Genetic selection of poultry for superior growth rate may result in decreased resistance to disease or reduced immunological response (Bayyari et al., 1997). A meta-analysis by Van der Most et al. (2011) indicated that selection for accelerated growth in poultry had a large and significantly negative effect on immune function. Chickens from a line selected for faster growth were more susceptible to the development of Marek's disease than chickens from a line exhibiting a slower growth rate in the study of Han and Smyth (1972). Broilers selected for high growth rate showed lower antibody responses when challenged with sheep erythrocytes (SRBC) than animals from a low body weight line (Miller et al., 1992) and a randombred control line (Qureshi and Havenstein, 1994). Koenen et al. (2002) conclude that fast growing broiler chickens are specialized in the production of a strong short-term humoral response, whereas slow growing layer-type chickens are specialized in a long-term humoral response in combination with a strong cellular response, which is in conformity with their life expectancy. In the study of Saif et al. (1984), a natural outbreak of erysipelas and fowl cholera resulted in a higher mortality rate in turkeys from a line selected for increased growth rate than in animals from an unselected control line. Mortality of turkeys from the selected line was higher than that of animals from the unselected control line when subsequently experimentally challenged with Pasteurella multocida (Sacco et al., 1991; Nestor et al., 1996a,b) or with Newcastle disease virus (Tsai et al., 1992). In addition, animals from the fast growth line had a lower toe web response to phytohemagglutinin-P, lower lymphocyte counts, and lower relative spleen weights than animals from the randombred control line (Bayyari et al., 1997). In mice, Coltherd et al. (2009) concluded that artificial selection for high growth may reduce the ability to cope with pathogens and that improved protein nutrition may to some extent ameliorate this penalty.
In dairy cattle, overall, there is clear evidence that there are negative genetic associations between milk yield and health (Veerkamp et al., 2009).
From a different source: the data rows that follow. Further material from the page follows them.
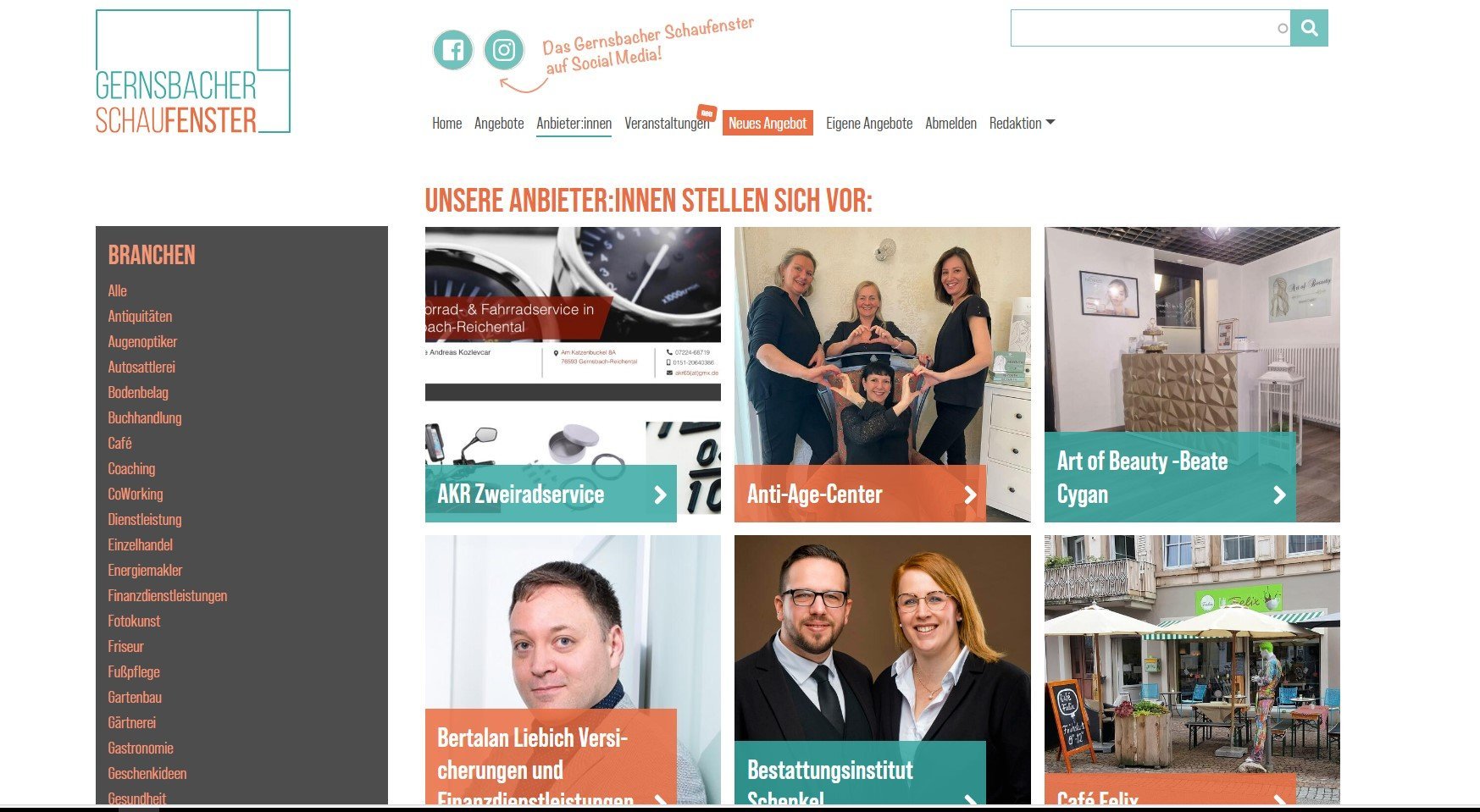 Die Plattform bündelt die Angebote lokaler Händlerinnen und Händler, Gastronominnen und Gastronomen sowie Dienstleisterinnen und Dienstleister und ermöglicht es, von Zuhause oder unterwegs durch Gernsbachs Vielfalt zu stöbern. Kundinnen und Kunden finden hier nicht nur Produkte und Dienstleistungen, sondern auch Informationen zu Öffnungszeiten, Abhol- oder Liefermöglichkeiten.
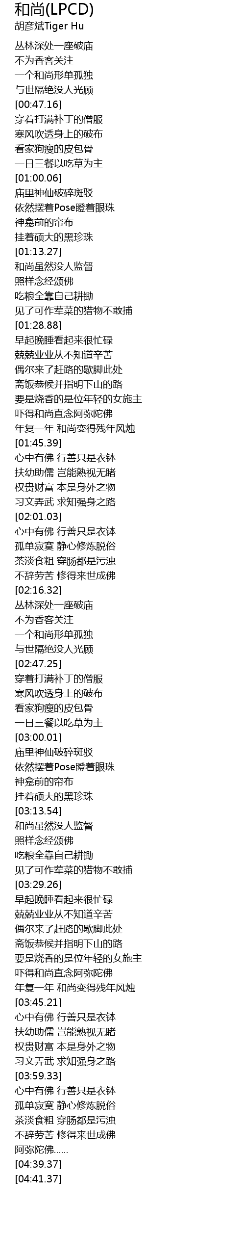 | [01:41.69] | 年复一年 和尚变得残年风烛 |
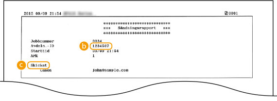 När det gäller e-postmeddelanden anger sändningsrapporter överföringsresultatet mellan enheten och e-postservern och inte mellan enheten och mottagaradresserna. Trots att överföringen avbryts skrivs en tresiffrig felkod inte ut. Om du vill kontrollera felkoden skriver du ut en kommunikationshanteringsrapport (
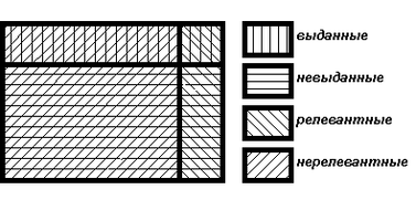 Идеальная ИПС должна выдавать документы, содержательно релевантные запросу, и ничего кроме них. Однако на практике это обычно не достигается, наблюдаются молчание ИПС (невыдача некоторого количества релевантных документов) и шум (выдача лишних документов). Массив документов разделяется на выданные и невыданные - по одному критерию, и на релевантные и нерелевантные - по другому.
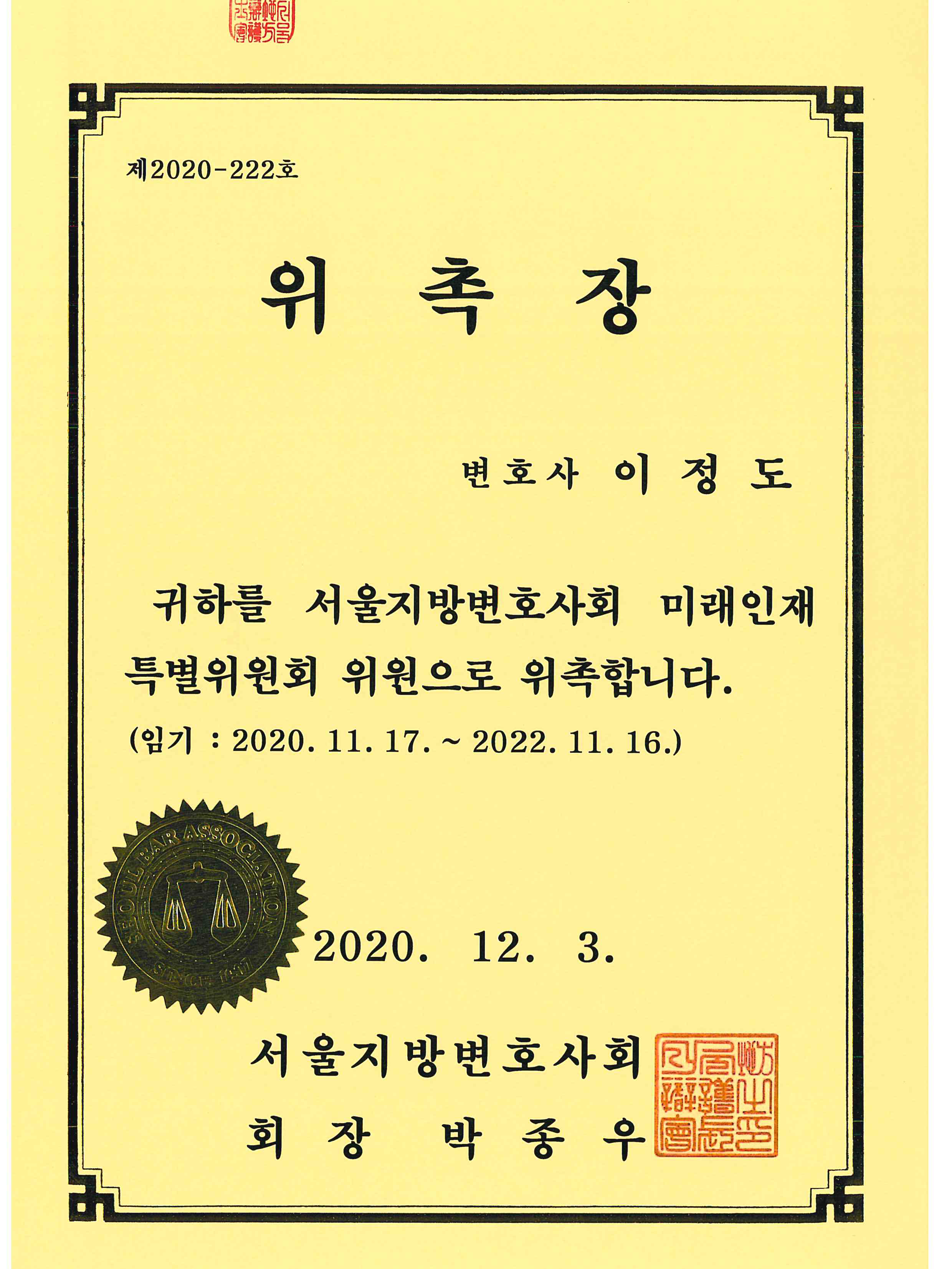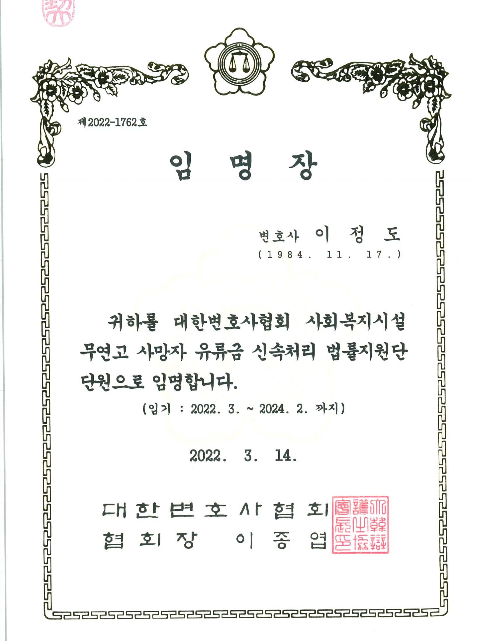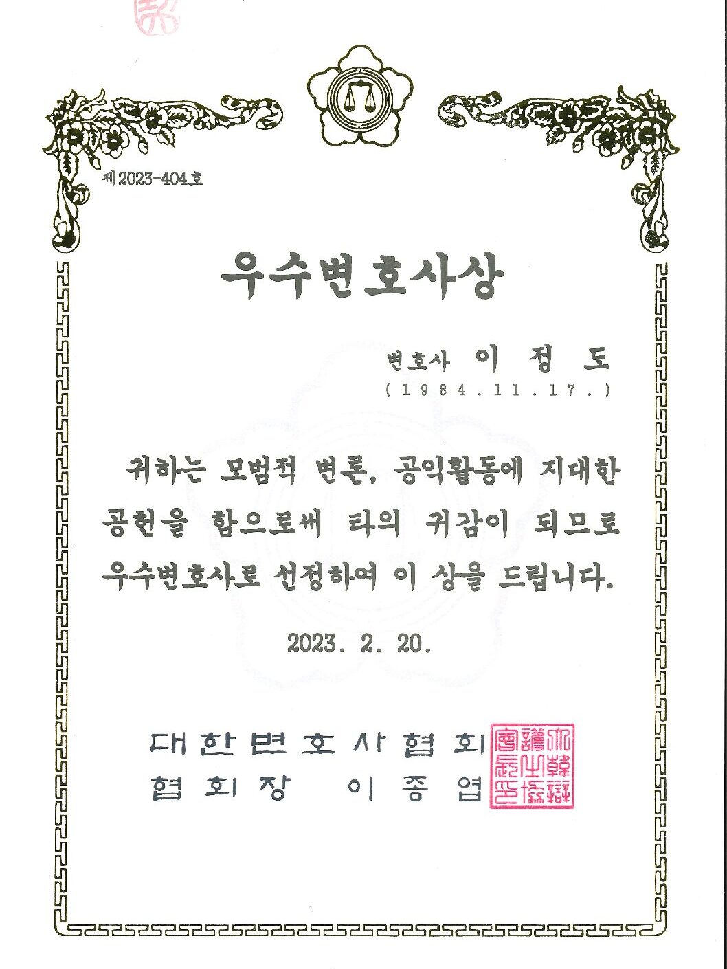 제 22회 대한변호사협회 우수변호사상
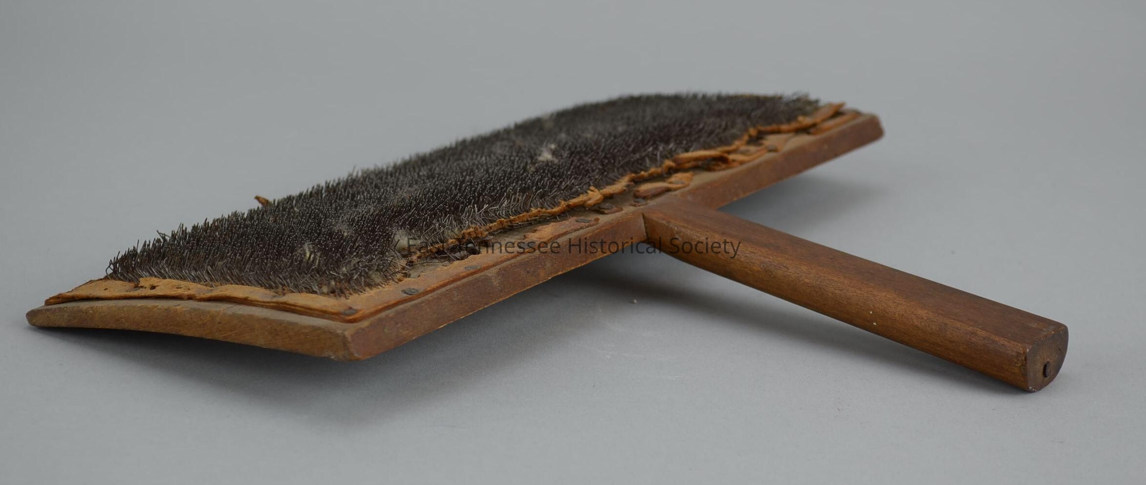 Pair of wool cards from Brookside Farm, wood rectangle with inset titled handle fastened with two nails, logo stamped in ink semi-circle, marked [partly legible] "No. 10 Super Fine" [clear], piece of leather on reverse imbedded with thousands of staples with sharp side out and tacked all around to wood, wool fibers remain in staples, Whitmore (England), both 9 1/8"h x 10 7/8"w x 3/4"d, date unknown.Made/Created
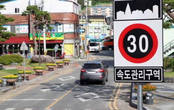 군은 산청읍과 신안면 도심지의 주요 간선·이면도로 차량속도를 기존 시속 60㎞와 40㎞에서 50㎞와 30㎞로 하향 제한하는 ‘안전속도 5030’ 표지판을 설치했다. 또 산청읍 부리에서 진주방향 3번국도 진입로에 신호등을 신설했다.

Clinical mastitis cases are principally associated with one of the following bacteria: S. Aureus, E. Coli, Streptococcus dysgalactiae, Streptococcus uberis, CNS, Arcanobacterium pyogenes, or Klebsiella spp (Rupp and Foucras, 2010). The genetic antagonism between milk yield and mastitis resistance has been well established (Rupp and Boichard, 2003). The average genetic correlation between milk yield and mastitis was reviewed to be 0.30 across seven studies by Emanuelsson (1988), 0.38 across 16 studies by Pryce et al. (1997), and 0.43 in Nordic data by Heringstad et al. (2000). After four generations of selection for milk production in a divergent selection experiment in dairy cattle, the genetic difference in mastitis between the high and low milk production group was 3.1% clinical mastitis as a correlated response (Heringstad et al., 2003). Although studies are rare for goats and sheep, they do confirm the positive relationship between milk yield and measurements of mastitis (Raynal-Ljutovac et al., 2007). Rupp and Boichard (2003) suggest that pleiotropic genes could be involved, but also biological competition for energy and nutrients between functions.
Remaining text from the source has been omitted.